# Fiberglass Cracking On 5th Wheel



## 4965 (Mar 1, 2007)

I just hung up the phone with the Outback warranty department and as soon as I get my blood pressure back to normal, I would like to find out if any other 5th wheel owners have had problems with fiberglass cracks.

I own a 28' 2004 Outback 5th wheel. I have already had the front cap replaced in May 05, due to delamentation, which they did a terrible job in workmanship. A couple of days ago I noticed that the fiberglass to the rear of the 5th wheel hitch and above the storage compartment door had several large cracks. I called my dealer and sent them photo's, they contacted Keystone and their reply was, Off Warranty, not our problem.

I would like to know if anyone else have had the same problems and if so how was it corrected.

Needless to say I am not happy with my Outback that we were so happy with for the first 6 months of ownership.

Thanks for any input


----------



## tdvffjohn (Mar 10, 2005)

I do not recall ever reading about that problem. Could you possible post a picture to help visually?

John


----------



## 4965 (Mar 1, 2007)

tdvffjohn said:


> I do not recall ever reading about that problem. Could you possible post a picture to help visually?
> 
> John


 If I can figure out how to upload to the site I have a few photo's.


----------



## dliles6254 (Jun 6, 2006)

I have some on my 26 rls in the front left corner. It's not even a year old. I told the dealer about it and drove two hours to show them. I got a "let me know it it gets worst." I have not talked with them any more about it,yet. There time is coming, I can hear the bell for round 1.


----------



## skippershe (May 22, 2006)

Hi retiredsmokey,

First of all I welcome you to Outbackers. 
You've come to the right place to try to get some answers.
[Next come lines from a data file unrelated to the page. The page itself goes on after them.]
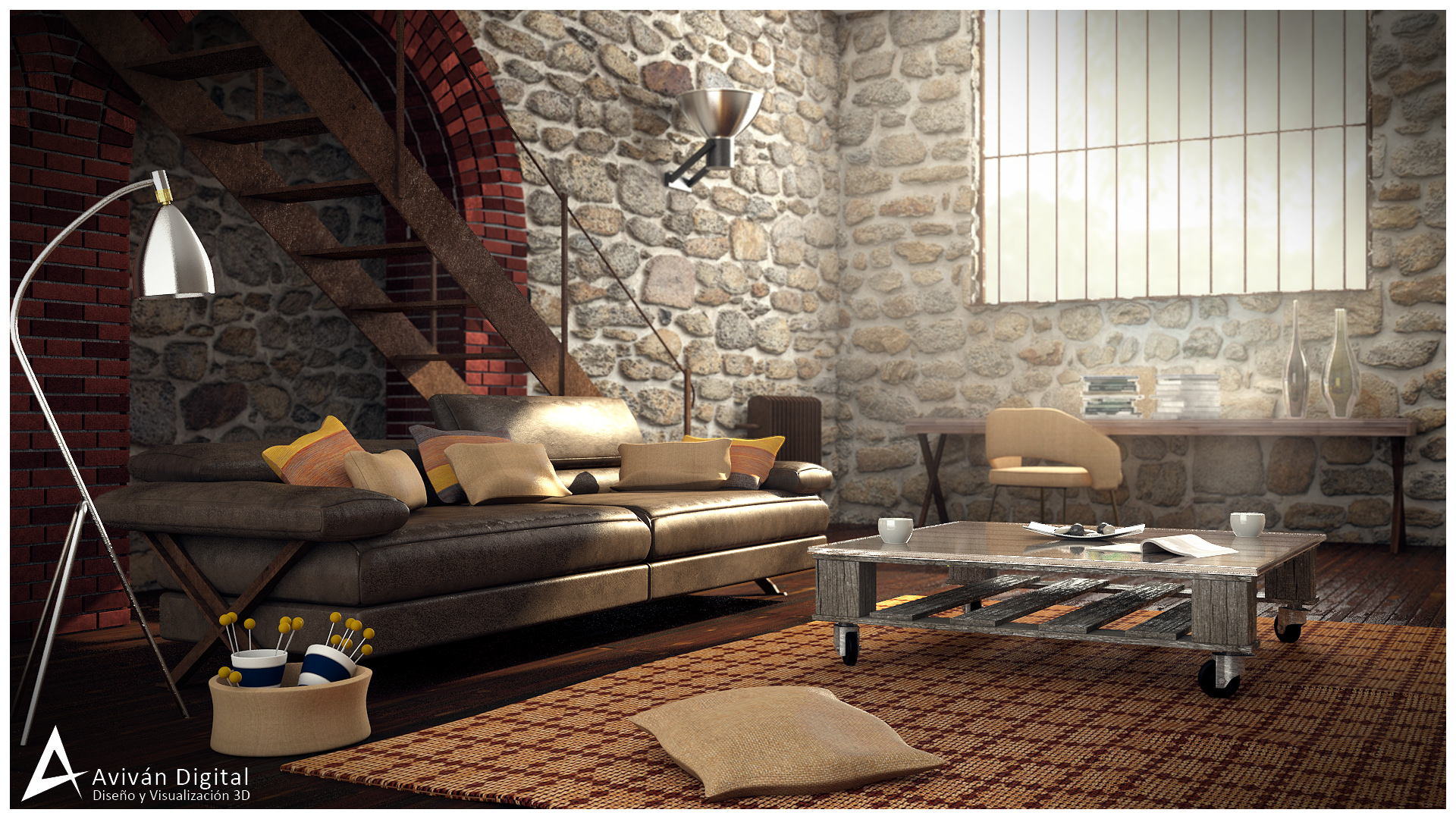 Inspirado en una imagen de un salón de Roche Bobois, le he querido dar un encanto rural.
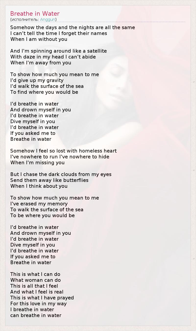 А как ты думаешь, о чем песня "Breathe in Water" ?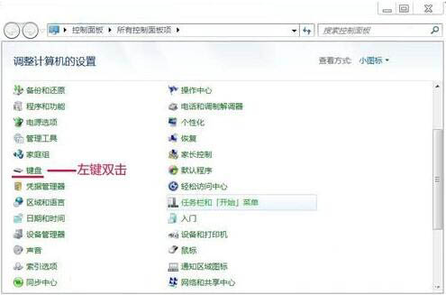 2、在控制面板中我们找到键盘,并左键双击:键盘;如图所示: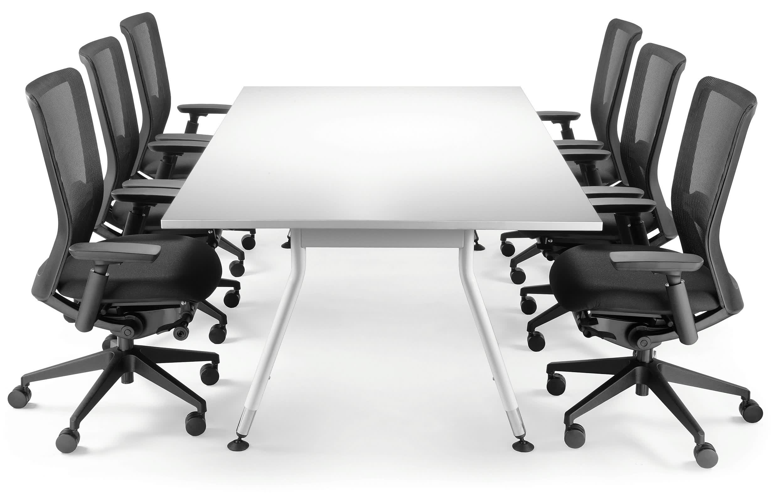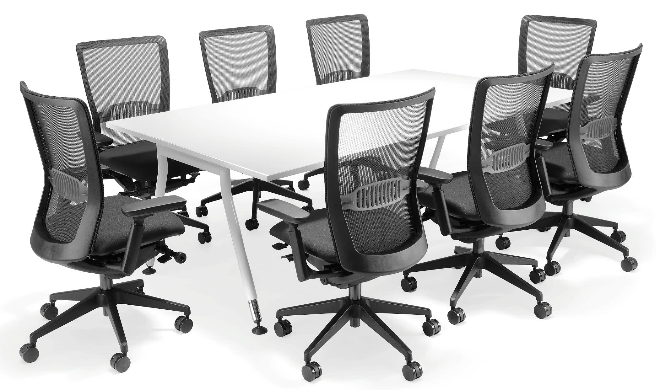 | Content | Vector Boardroom Meeting Table This beautiful, well-designed boardroom table has all the aesthetics to suit all office meeting rooms. With its modern and minimalistic design, this Boardroom Table is sure to make a statement in any Modern Office environment. With Frame available as Satin White or Matt Black with highlighted polished chrome feet, the Vector will undoubtedly suit any Interior.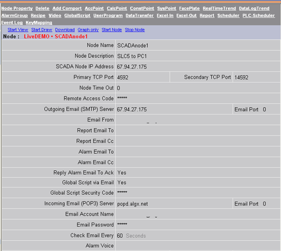 Figure 3.2 SCADA Node Properties page (top half) – bwMAIN.asp see Figure 3.2b below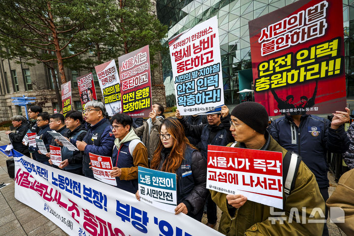 [서울=뉴시스] 정병혁 기자 = 25일 서울 중구 서울시청 앞에서 열린 서울교통공사노조 총파업 예고 기자회견에서 참가자들이 피켓을 들고 구호를 외치고 있다. 2025.11.25. [email protected]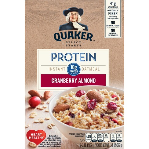 Cinnamon flavour microwaveable oats with added soy protein did you know oats are a natural powerhouse of goodness? Its nutrition label is nearly. Ingredients quaker® protein instant oatmeal cranberry almond: Packed with protein and with no added sugar, this oatmeal packet serves as the perfect platform for when it comes to quaker, this is your healthiest classic packet of oats. This cereal has 2 grams per serving.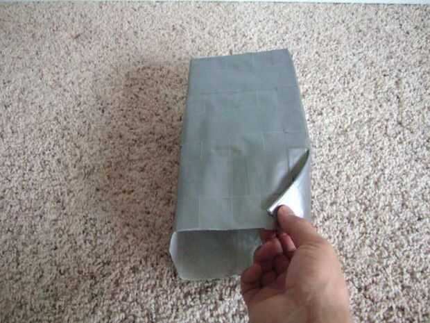 En el extremo abierto de la bolsa, doblar las esquinas en un pliegue triangular para reducir el tamaño de la abertura. Cinta dentro y fuera de estos pliegues.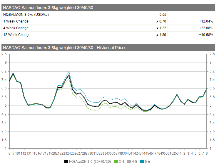 3月2日晚間,納斯達(dá)克三文魚(yú)綜合報(bào)價(jià)指數(shù)定期報(bào)告顯示,3公斤至6公斤之間的主力消費(fèi)三文魚(yú)報(bào)價(jià)為6.55美元每公斤,較前一周上漲0.70美元,環(huán)比上漲12.04%,較前4周上漲1.22美元,環(huán)比上漲22.86%,較前12周上漲1.89,環(huán)比上漲40.58%。報(bào)價(jià)走勢(shì)顯示出,新冠疫情陰霾已經(jīng)逐漸散去,全球消費(fèi)市場(chǎng)正在積極復(fù)蘇。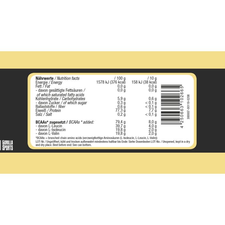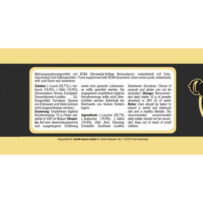 Pozornost je třeba věnovat pestré a vyvážené stravě a zdravému životnímu stylu. Doporučená denní dávka by neměla být překročena. Složení: L-leucin (39,7 %), L-isoleucin (19,8 %), L-valin (19,8 %), kyselina citronová, aroma, emulgátor: slunečnicový lecitin, sladidlo: sukralóza.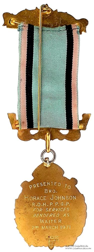 РЕВЕРС: гравировка: Presented to Bro. Horace Jonson ROH PPGP for Services Rendered as Waiter 2nd March 1971. Клейма: FC P, якорь, лев, v (1970).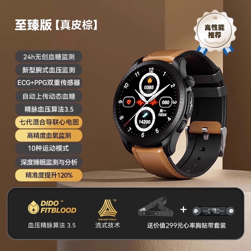 自营 【实时血糖心电】didoE56S无创24小时动态测血糖血压智能手表高精准血氧心率心电运动健康手环老人多功能睡眠 E56S至臻版真皮棕【赠心率胸贴带套装+24h高精准无创血糖¥879.00热销中1评价 100.0%好评 -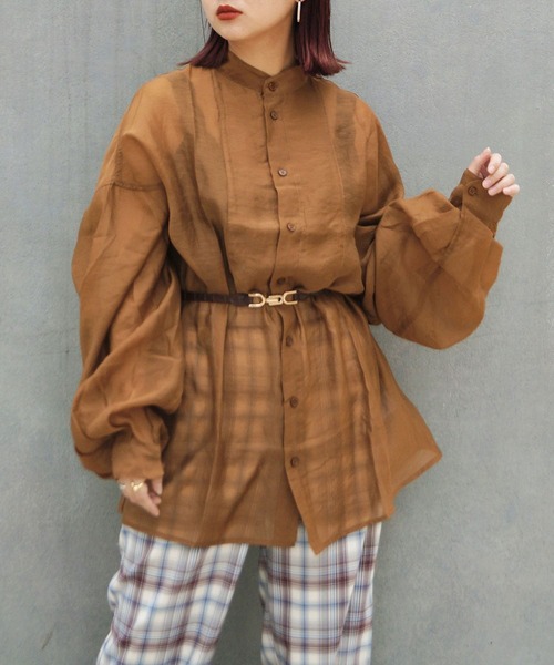 ほどよい透け感が使いやすいBIGシャツが登場!袖のボリューム感がポイントになり、ふんわりとしたシルエットが存在感抜群のアイテムです。お尻がすっぽりと隠れる丈感なのでゆるっと着られるのが嬉しい!ベルトでウエストマークしてあげたり、羽織りとしても使いやすいサイズ感です◎※屋外での撮影画像は、光の当たり具合で色味が違って見える場合があります。商品の色味は、スタジオ撮影の画像をご参照ください。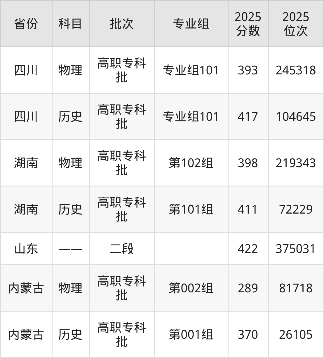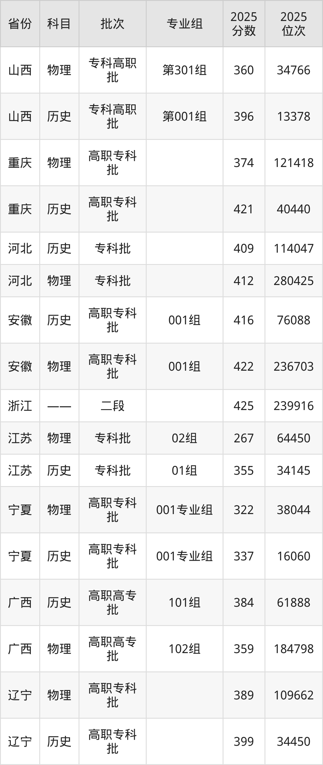 普通类专科物理类最低393分,专科历史类最低417分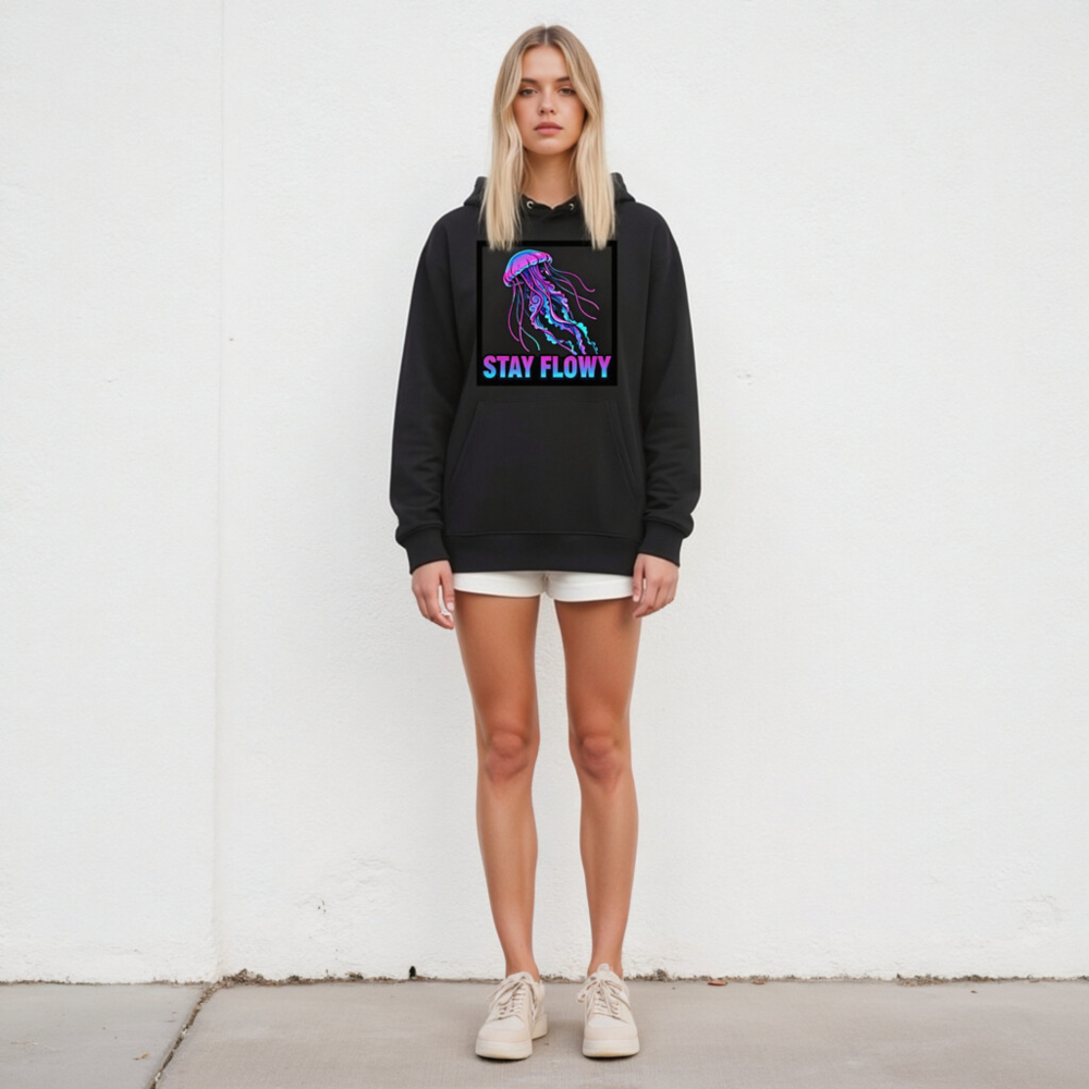 Wear our unisex essential eco hoodie featuring a vibrant neon jellyfish graphic and the motivational phrase ‘STAY FLOWY’. Made with sustainable materials for comfort and style. Perfect for everyday wear—soft, relaxed fit, and eco-conscious choice. Ideal for fans of ocean-inspired fashion and mindful living.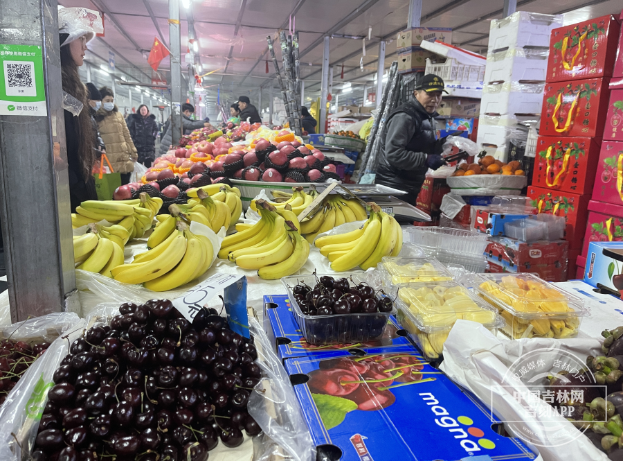 挨着对联和福字的摊位,再往前走走就是室内区域了。南方的、北方的、外地的、本土的各式水果,五颜六色,品类相当丰富。
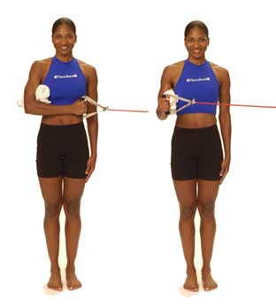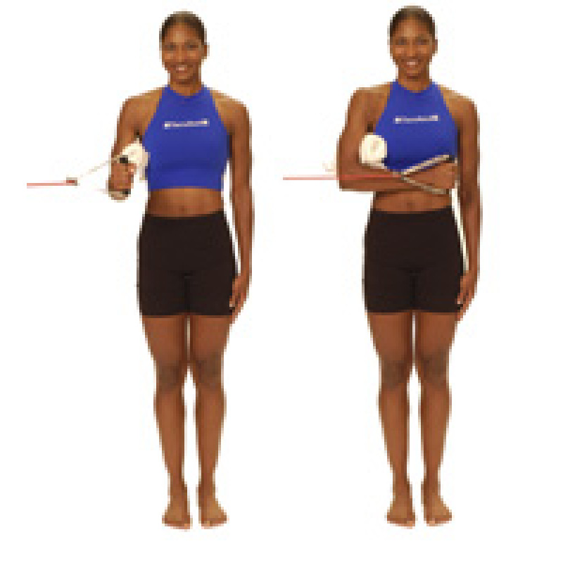 4. 前腕は地面と平行にチューブを持った腕を内側に曲げていく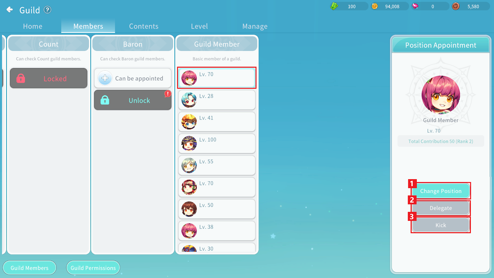 ① You can change the position of the selected Guild member.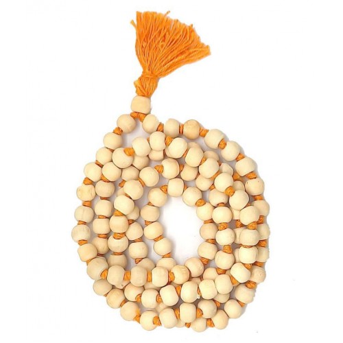 Tulsi Mala using in Jap Tulsi Mala made by Tulsi wood. Tulsi Mala contains 108 +1 Beads with Chandan Tika. This pack contains kanthi mala which can be wear in neck or wrist.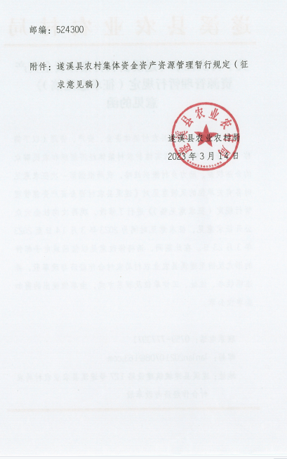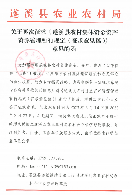 关于再次征求《遂溪县农村集体资金资产资源管理暂行规定(征求意见稿)》意见的函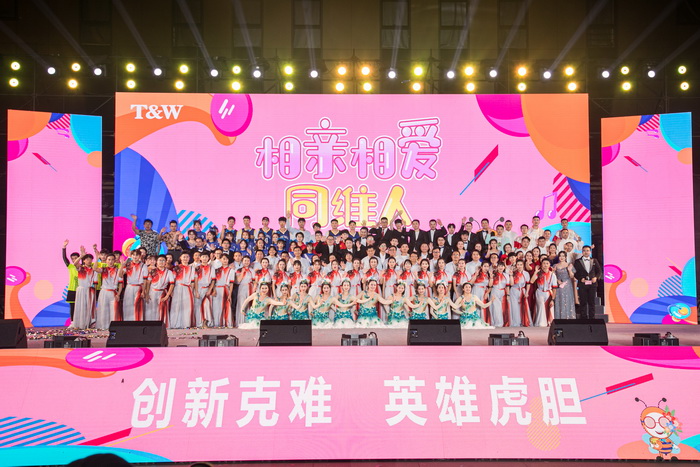 唱响青春旋律,牢记发展使命。表彰环节结束后,“相亲相爱同维人”文艺汇演在动感绚丽的灯光秀中拉开了序幕。太仓同维合唱团带来的合唱《祖国颂》、《相亲相爱一家》,奏响了“爱国心、同维情”的颂歌。笑点十足且发人深省的原创小品《减肥帮》,深情讲述同维发展和变化的朗诵《致共进三十一年》等原创节目,以及带着对未来美好祝愿的歌伴舞《我们的新时代》,无论是在表演形式还是内容上均可圈可点,获得了员工一致好评。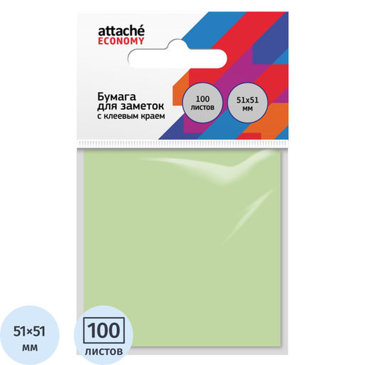 Бумага для заметок с клеевым краем Economy 51x51 мм 100 л пастел. зеленый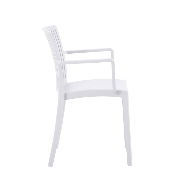 Η καρέκλα κήπου που συνδυάζει τον μίνιμαλ σχεδιασμό με τη λειτουργικότητα και την ανθεκτικότητα. Είναι κατασκευασμένη από υψηλής ποιότητας πολυπροπυλένιο (PP) και ενισχυμένη με UV προστασία, για να αντέχει στον ήλιο και τις εξωτερικές συνθήκες χωρίς να αλλοιώνεται το χρώμα ή το υλικό της.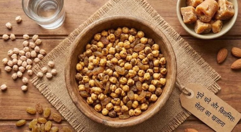 भुने चने और किशमिश का सेवन करना एक सरल, स्वादिष्ट और पौष्टिक आदत है, जो स्वास्थ्य को संपूर्ण रूप से सुधार सकती है। इन्हें सुबह खाली पेट या स्नैक के रूप में शामिल करें।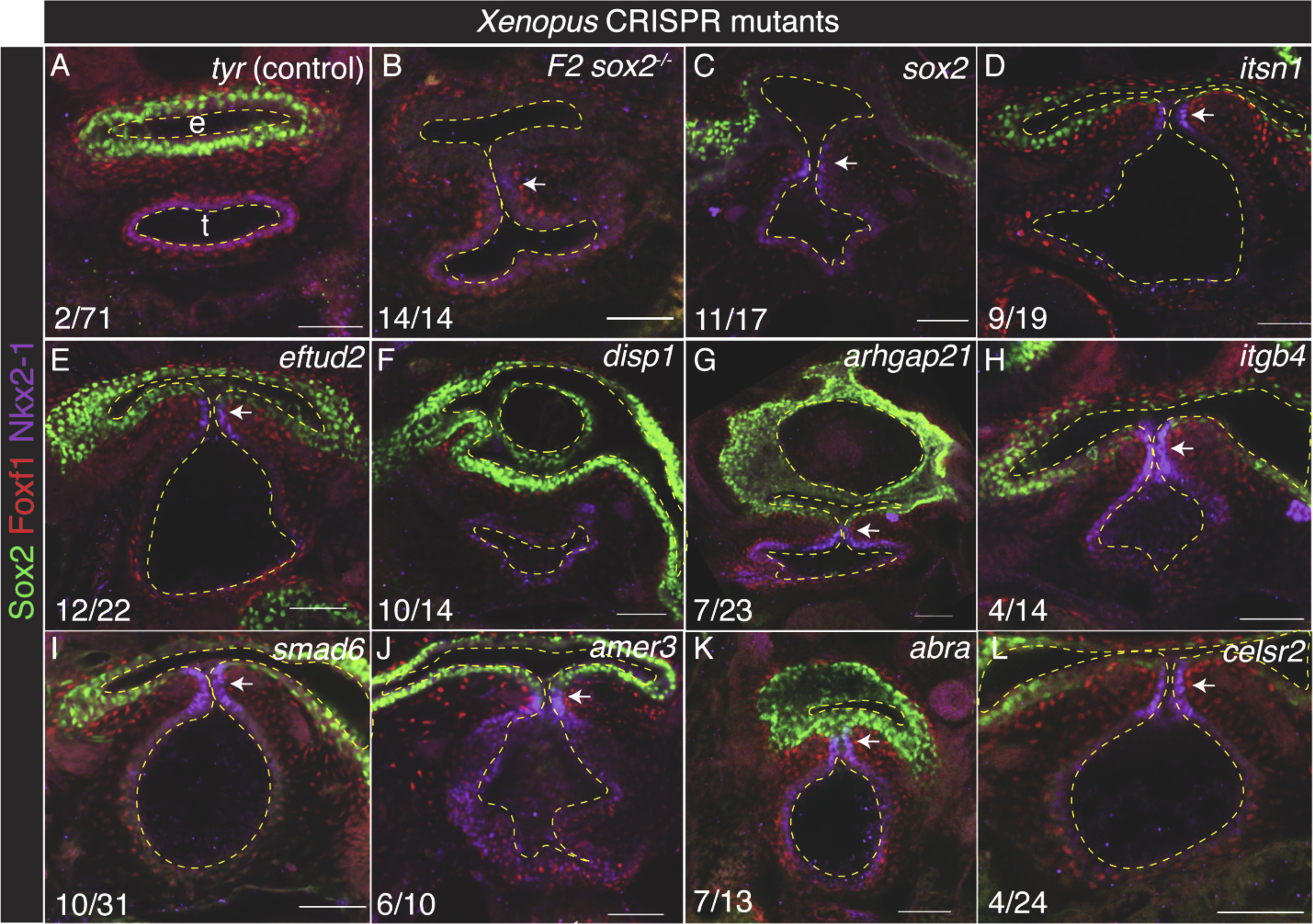 Figure 3. CRISPR-mutation of candidate risk genes in Xenopus disrupts trachea-esophagus morphogenesis(A–G) Representative confocal microscopy images of NF44 foregut from Xenopus CRISPR mutants. Sox2 F0 CRISPR mutants (C) have the same trachea-esophageal phenotype as sox2−/− F2 germline mutants (B), validating the F0 screen. Compared to control tyr mutations in which the trachea (t) and esophagus (e) have completely separated (A), mutation of 13/18 genes caused a failure of the foregut to separate into distinct trachea and esophagus (D–E and H–L) and/or resulted in a disrupted esophagus with multiple lumens (F and G). Dashed lines indicate the esophagus, trachea, and foregut lumens. Arrows point to a tracheoesophageal cleft. The number of embryos with a TED phenotype/total injected. Scale bars represent 50 μm.

I would think, since you already had an issue with your front cap, that Keystone would consider this a warranty issue. I could understand their point if you never had a problem and then 3 years later the cracking occured.

So you called the Keystone Outback division? Did they tell you the same thing they told your dealer? If you can get someone there on your side after explaining what's going on...make sure to document everything (and GET NAMES TOO!) , you stand a better chance of getting them to do something. All it takes is one yes...

Take it from someone with experience, you have to be persistant and stand your ground...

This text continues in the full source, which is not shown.